Inzicht in schaalgedrag

Schalen kan variëren op basis van verschillende factoren en apps worden anders geschaald op basis van de triggers en de geselecteerde taal. Er zijn enkele complexiteiten van schaalgedrag waar u rekening mee moet houden:

  • Maximumaantal exemplaren: Een app met één functie wordt alleen uitgeschaald naar een maximum dat door het plan is toegestaan. Eén exemplaar kan echter op hetzelfde moment meer dan één bericht of aanvraag verwerken, zodat er geen limiet is voor het aantal gelijktijdige uitvoeringen. U kunt naar behoefte een lager maximum opgeven om de schaal te beperken.
  • Nieuwe instantiesnelheid: voor HTTP-triggers worden nieuwe exemplaren maximaal één keer per seconde toegewezen. Voor niet-HTTP-triggers worden nieuwe exemplaren maximaal één keer per 30 seconden toegewezen. Schalen gaat sneller wanneer u uitvoert in een Premium-plan.
  • Op doel gebaseerd schalen: op doel gebaseerde schaalaanpassing biedt een snel en intuïtief schaalmodel voor klanten en wordt momenteel ondersteund voor Service Bus-wachtrijen en -onderwerpen, opslagwachtrijen, Event Hubs en Cosmos DB-extensies. Zorg ervoor dat u schaalaanpassing op basis van doel bekijkt om inzicht te hebben in het gedrag van de schaalaanpassing.

Uitschalen beperken

Mogelijk wilt u het maximum aantal exemplaren beperken dat een app gebruikt om uit te schalen. Dit is het meest gebruikelijk voor gevallen waarin een downstreamonderdeel, zoals een database, beperkte doorvoer heeft.

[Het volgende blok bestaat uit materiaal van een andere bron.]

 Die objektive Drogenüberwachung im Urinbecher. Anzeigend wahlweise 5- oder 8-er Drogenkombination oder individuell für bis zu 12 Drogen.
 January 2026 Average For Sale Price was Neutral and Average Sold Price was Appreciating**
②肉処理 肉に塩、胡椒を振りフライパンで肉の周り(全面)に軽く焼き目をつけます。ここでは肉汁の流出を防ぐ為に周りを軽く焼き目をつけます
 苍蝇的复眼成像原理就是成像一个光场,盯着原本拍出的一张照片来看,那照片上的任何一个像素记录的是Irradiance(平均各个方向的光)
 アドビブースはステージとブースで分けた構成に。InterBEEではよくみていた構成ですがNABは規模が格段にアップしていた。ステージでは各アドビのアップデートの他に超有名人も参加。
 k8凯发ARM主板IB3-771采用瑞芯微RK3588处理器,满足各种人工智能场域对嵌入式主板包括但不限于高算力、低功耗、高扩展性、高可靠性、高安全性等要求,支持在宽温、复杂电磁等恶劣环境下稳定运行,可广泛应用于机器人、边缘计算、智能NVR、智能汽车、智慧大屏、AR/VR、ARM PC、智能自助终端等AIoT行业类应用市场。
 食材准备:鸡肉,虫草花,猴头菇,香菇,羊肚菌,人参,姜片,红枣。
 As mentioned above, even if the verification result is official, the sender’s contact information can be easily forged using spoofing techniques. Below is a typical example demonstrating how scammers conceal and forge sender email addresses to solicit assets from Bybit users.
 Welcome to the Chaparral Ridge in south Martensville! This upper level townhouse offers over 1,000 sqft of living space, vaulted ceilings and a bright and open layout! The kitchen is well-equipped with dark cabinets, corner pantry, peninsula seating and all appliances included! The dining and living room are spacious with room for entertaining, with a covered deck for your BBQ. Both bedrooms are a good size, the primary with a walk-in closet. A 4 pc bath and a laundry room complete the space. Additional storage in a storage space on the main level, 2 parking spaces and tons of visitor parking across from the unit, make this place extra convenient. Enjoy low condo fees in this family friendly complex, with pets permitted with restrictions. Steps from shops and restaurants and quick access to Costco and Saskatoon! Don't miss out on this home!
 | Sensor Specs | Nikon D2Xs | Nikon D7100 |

Verbruiksabonnementsfuncties worden standaard uitgeschaald naar maximaal 200 exemplaren en Premium-abonnementsfuncties worden uitgeschaald naar maximaal 100 exemplaren. U kunt een lager maximum voor een specifieke app opgeven door de functionAppScaleLimit waarde te wijzigen. De functionAppScaleLimit waarde kan worden ingesteld op 0 of null voor onbeperkt, of een geldige waarde tussen en het maximum van 1 de app.

az resource update --resource-type Microsoft.Web/sites -g <RESOURCE_GROUP> -n <FUNCTION_APP-NAME>/config/web --set properties.functionAppScaleLimit=<SCALE_LIMIT>

Gedrag van inschalen

Gebeurtenisgestuurd schalen vermindert automatisch de capaciteit wanneer de vraag naar uw functies wordt verminderd. Dit doet u door exemplaren van hun huidige functie-uitvoeringen leeg te maken en deze exemplaren vervolgens te verwijderen. Dit gedrag wordt geregistreerd als afvoermodus. De respijtperiode voor functies die momenteel worden uitgevoerd, kan worden verlengd tot 10 minuten voor verbruiksabonnement-apps en maximaal 60 minuten voor Premium-abonnements-apps. Gebeurtenisgestuurd schalen en dit gedrag is niet van toepassing op toegewezen plan-apps.

De volgende overwegingen zijn van toepassing op inschaalgedrag:

Aanbevolen procedures en patronen voor schaalbare apps

Er zijn veel aspecten van een functie-app die van invloed is op de schaal, waaronder hostconfiguratie, runtime-footprint en resource-efficiëntie. Zie de sectie schaalbaarheid van het artikel over prestatieoverwegingen voor meer informatie. U moet ook weten hoe verbindingen zich gedragen wanneer uw functie-app wordt geschaald. Raadpleeg Verbindingen beheren in Azure Functions voor meer informatie.

Zie voor meer informatie over schalen in Python en Node.js de ontwikkelaarshandleiding voor Azure Functions Python: schalen en gelijktijdigheid en Azure Functions Node.js ontwikkelaarshandleiding: schalen en gelijktijdigheid.

Factureringsmodel

Facturering voor de verschillende abonnementen wordt gedetailleerd beschreven op de pagina met prijzen van Azure Functions. Het gebruik wordt geaggregeerd op het niveau van de functie-app en telt alleen de tijd dat functiecode wordt uitgevoerd. Hieronder ziet u eenheden voor facturering:

  • Resourceverbruik in gigabyte-seconden (GB-s). Berekend als een combinatie van geheugengrootte en uitvoeringstijd voor alle functies in een functie-app.
  • Uitvoeringen. Elke keer dat een functie wordt uitgevoerd als reactie op een gebeurtenistrigger, wordt geteld.

Nuttige query's en informatie over het begrijpen van uw verbruiksfactuur vindt u in de veelgestelde vragen over facturering.